Joe and I visited the grave of Sid Hatfield in a hilltop cemetery near the Tug River in Buskirk, Kentucky. The headstone, which is engraved with an image of Hatfield’s face, reads in part: “Defender of the rights of working people, gunned down by Felts detectives on the steps of the McDowell County Courthouse…. His murder triggered the miners’ rebellion at the Battle of Blair Mountain.” Hatfield’s brief life is a microcosm of what can happen when one does not sell out to the powerful. The police chief of Matewan, West Virginia, he turned down the coal companies’ offer of what was then the small fortune of $300 a month to turn against the miners. Law enforcement, with the exception of a few renegades such as Hatfield, was stripped, as is true now in corporate America, of any pretense of impartiality. Miners who wanted jobs had to sign “yaller dog” contracts promising they would not “affiliate with or assist or give aid to any labor organization,” under penalty of immediate loss of jobs and company housing. Baldwin-Felts spies, private security goons hired by the mine owners, informed on miners who talked of organizing. This led to dismissal, blacklisting, beating and sometimes death. The coal fields were dominated by company towns. Corporate power had seeped into every facet of existence. And resistance was costly.

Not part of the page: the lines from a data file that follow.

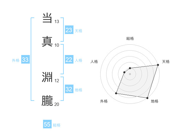 当真 淵朧さんの総格は55画の1点!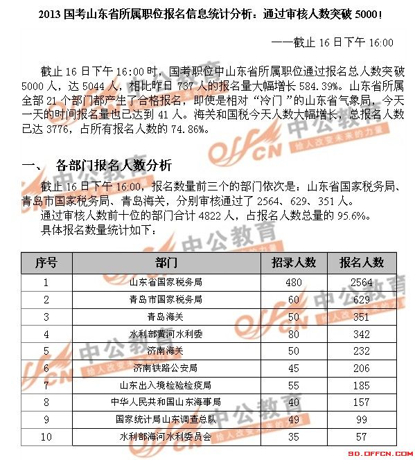 2013國(guó)考山東職位16日?qǐng)?bào)名統(tǒng)計(jì)人數(shù)突破5000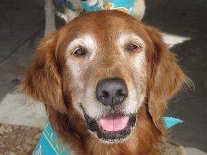 Awesome came into rescue at age 6 yrs. He blessed and enriched our lives for 4 years and 5 months. He was only 10 years & 8 mo. young when he made the journey to the rainbow bridge, too young to leave us so soon. Everyone who met Awesome, knew immediately what an “awesome” boy he was. His name fit him so well. Awesome was such a sweet, gentle boy. To watch Awesome, you knew he loved life and everyone in it. He didn’t just walk, he pranced. He loved food, never questioning what you were giving him. You would think he was starving, inhaling every morsel he could get. He entered rescue as a “fat boy”, almost 100 lbs, and with the help of a lot of green beans and daily exercise, Awesome dropped 30 lbs. He looked Awesome. He loved going to the Dairy Queen for a “pup cup”. He was usually the first one to finish his ice cream and then he would carry the empty cup around hoping somehow miraculously more would appear in his cup. We put in a swimming pool for the boys and had a special shelf built at one end just for Awesome, because at the time, he was afraid of the pool. Within about 10 days of swimming every day, he found his swim legs and he never looked back. To see him swim, you would have thought he’d always been a swimmer. He loved all dogs, and once he got the hang of it, he loved to “hump” anything on 4 legs. We always said he was making up for 6 yrs of no humping. He didn’t care what part of the dog’s body he humped, he just enjoyed humping. He was also a furniture boy. He started out slow, by just getting up at the foot of the bed when we first went to bed, for only about 10-15 min, then he progressed to staying all night. It got to the point if we even went near the bedroom, no matter what time of day or night, he would immediately get on the bed, ready to go to sleep. The sofa was also his and if you wanted him to move he would give you “the look”. Awesome loved going for walks and for rides in the car. Of course his favorite spot was riding shotgun and he gave you the “look” if you chose to sit in his seat. He also loved soft, squeaky toys. His favorite was the jack. He would retrieve balls, as long as no one else was trying to retrieve the same ball, He was not competitive at all and just let Barkley or Sherman get the balls if they wanted them. He was a wonderful Ambass-A-Dog for Rescue A Golden, going along with mom on so many home visits. Everyone wanted to adopt him. He also volunteered at our PetSmart Meet n Greets, Barnes and Noble, Cynosport games, St Francis Adopt-A-Thons, and walked in all the parades RAG participated in and almost made it to the semi-finals in the 2010 Cutest Golden Contest competing against all those cute puppies. Awesome is missed by his mom, dad, sister Sarah, and brothers Barkley and Sherman. Awesome will be in our hearts forever, not only because we loved him, but because he was truly Awesome. We’ll see you at the rainbow bridge Awesome man.

“For more than 20 years, coal operators had controlled their very being; had arranged for their homes and towns, churches, schools and recreation centers; had provided doctors and teachers and preachers; had employed many of their law officers; had even selected silent motion picture shows that were beginning to appear in theaters; had told them, finally, where and how they were to live and discharged those who did not conform,” Lon Savage wrote of the coal miners in his book Thunder in the Mountains. “In this context, the union’s organizing campaign gave the miners a new vision: not only better pay and working conditions but independence, power, freedom, justice and prestige for people who felt they had lost them all.”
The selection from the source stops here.